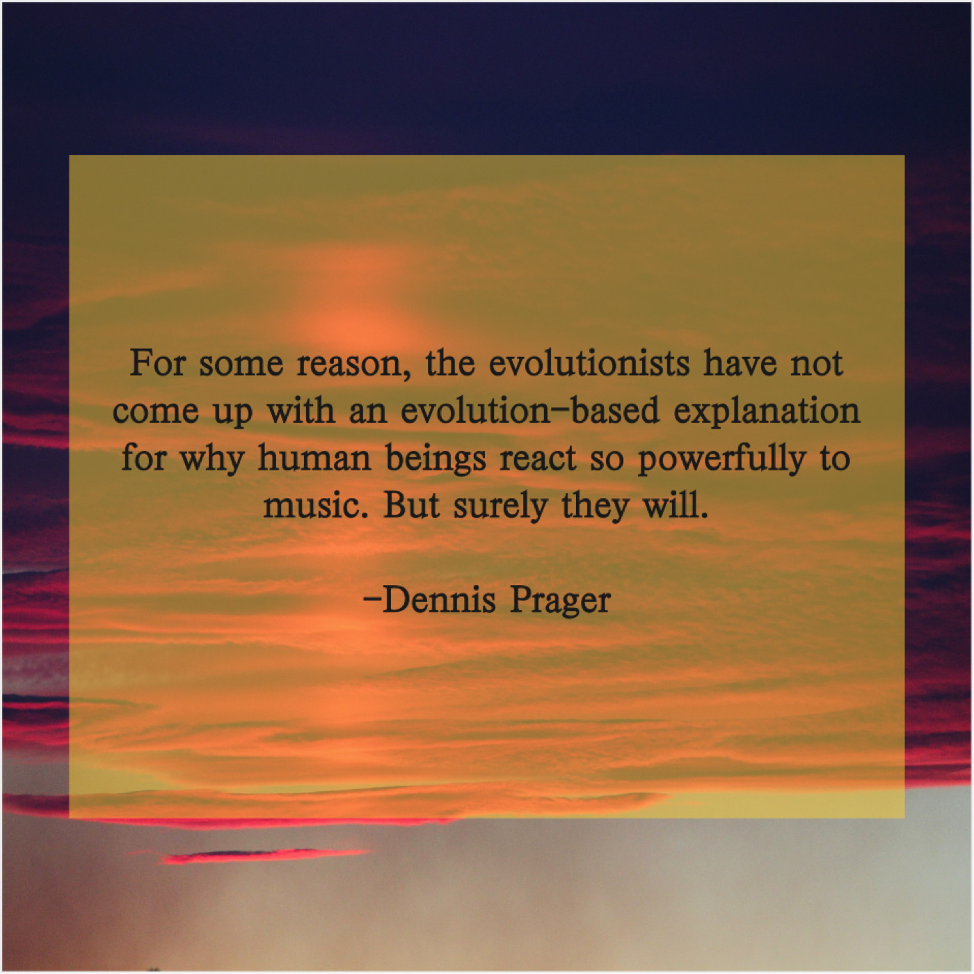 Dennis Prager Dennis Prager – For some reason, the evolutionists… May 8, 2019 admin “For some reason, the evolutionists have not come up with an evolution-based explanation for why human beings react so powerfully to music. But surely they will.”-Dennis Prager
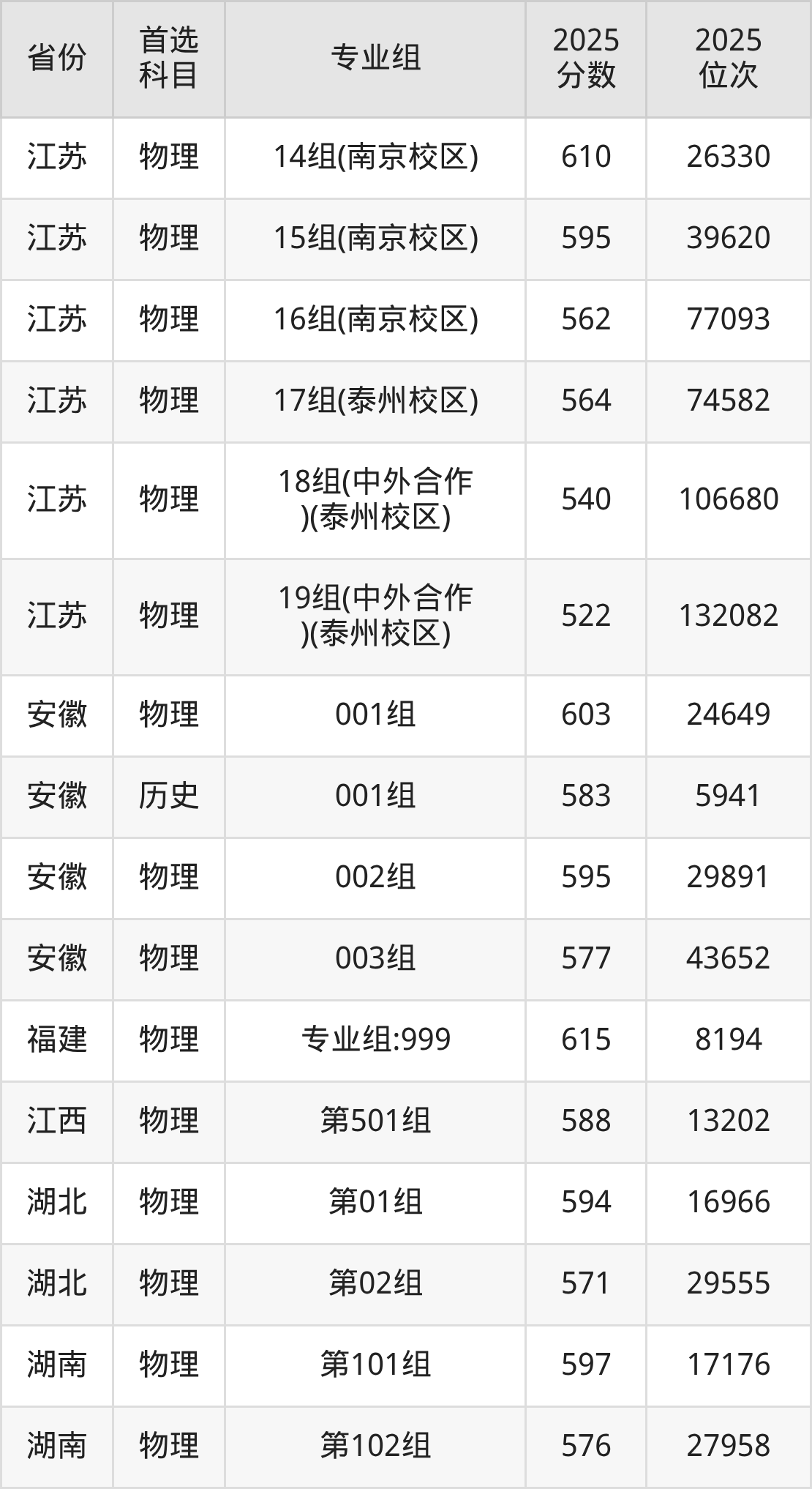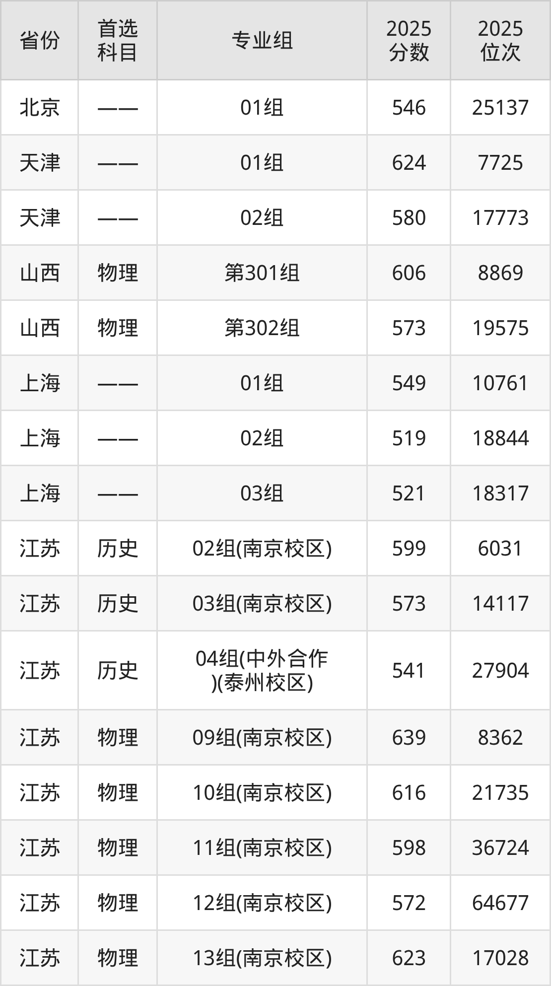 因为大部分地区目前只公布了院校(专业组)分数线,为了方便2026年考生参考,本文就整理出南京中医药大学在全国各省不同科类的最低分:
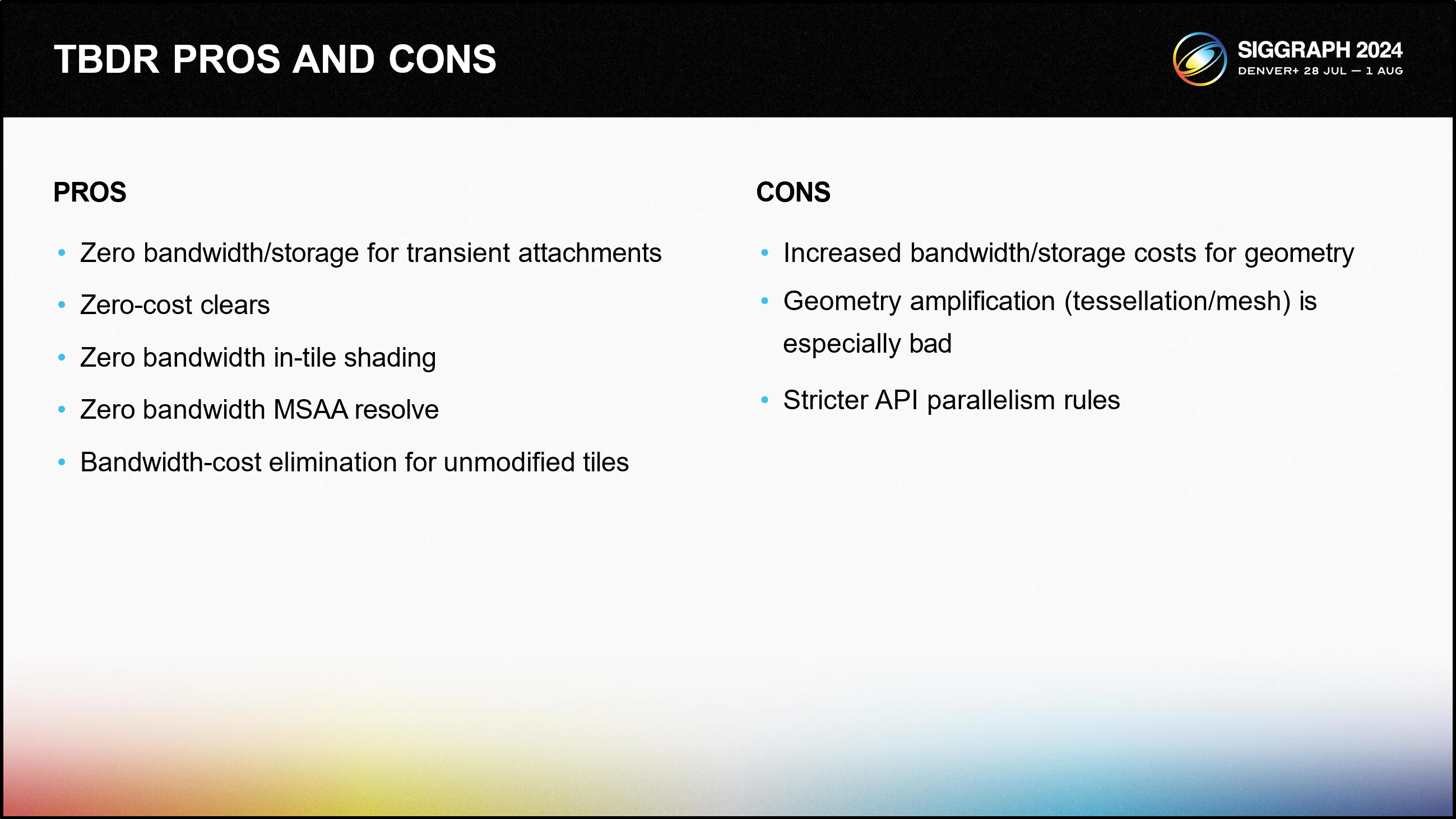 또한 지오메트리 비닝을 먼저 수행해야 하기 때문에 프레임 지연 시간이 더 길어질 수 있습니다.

==

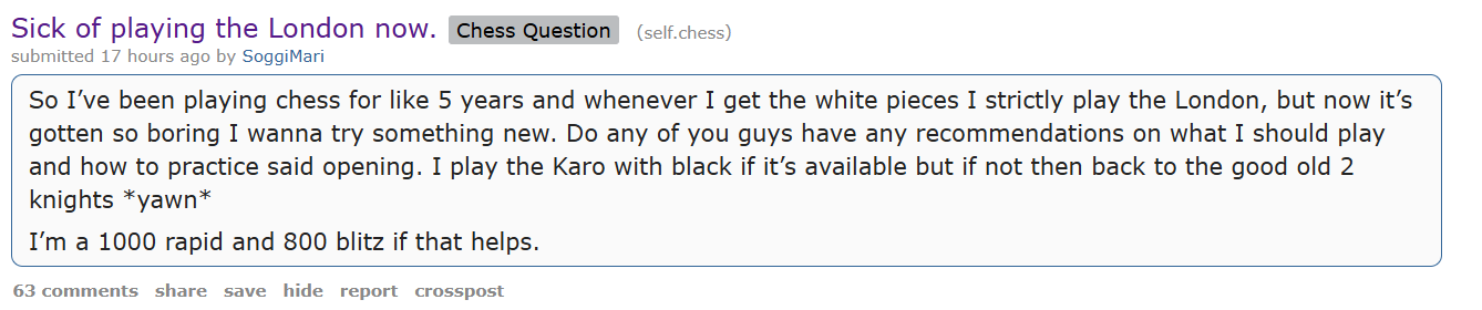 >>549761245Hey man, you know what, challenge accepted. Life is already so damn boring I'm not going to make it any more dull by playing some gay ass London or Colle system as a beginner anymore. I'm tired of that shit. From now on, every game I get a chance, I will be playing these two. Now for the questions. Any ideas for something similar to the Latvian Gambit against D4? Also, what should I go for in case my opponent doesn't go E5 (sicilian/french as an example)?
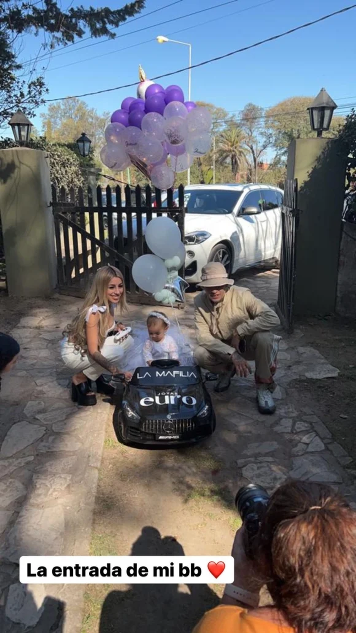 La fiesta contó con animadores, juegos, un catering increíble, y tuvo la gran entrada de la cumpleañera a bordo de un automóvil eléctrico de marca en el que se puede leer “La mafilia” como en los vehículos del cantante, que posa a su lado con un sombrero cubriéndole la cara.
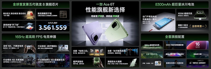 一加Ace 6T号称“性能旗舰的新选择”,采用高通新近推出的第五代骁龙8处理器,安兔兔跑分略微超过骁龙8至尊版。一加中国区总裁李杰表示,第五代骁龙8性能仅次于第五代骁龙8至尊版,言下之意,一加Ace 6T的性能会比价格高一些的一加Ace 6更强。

* * *

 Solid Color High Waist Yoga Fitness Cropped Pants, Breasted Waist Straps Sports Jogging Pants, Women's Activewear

Directions
In the entries above, find the line containing "Dennis Prager Dennis" and the line containing "또한 지오메트리 비닝을"; give again exactly those two lines and every line between them, minus the pictures.

Result of the exercise
 Dennis Prager Dennis Prager – For some reason, the evolutionists… May 8, 2019 admin “For some reason, the evolutionists have not come up with an evolution-based explanation for why human beings react so powerfully to music. But surely they will.”-Dennis Prager
 因为大部分地区目前只公布了院校(专业组)分数线,为了方便2026年考生参考,本文就整理出南京中医药大学在全国各省不同科类的最低分:
 또한 지오메트리 비닝을 먼저 수행해야 하기 때문에 프레임 지연 시간이 더 길어질 수 있습니다.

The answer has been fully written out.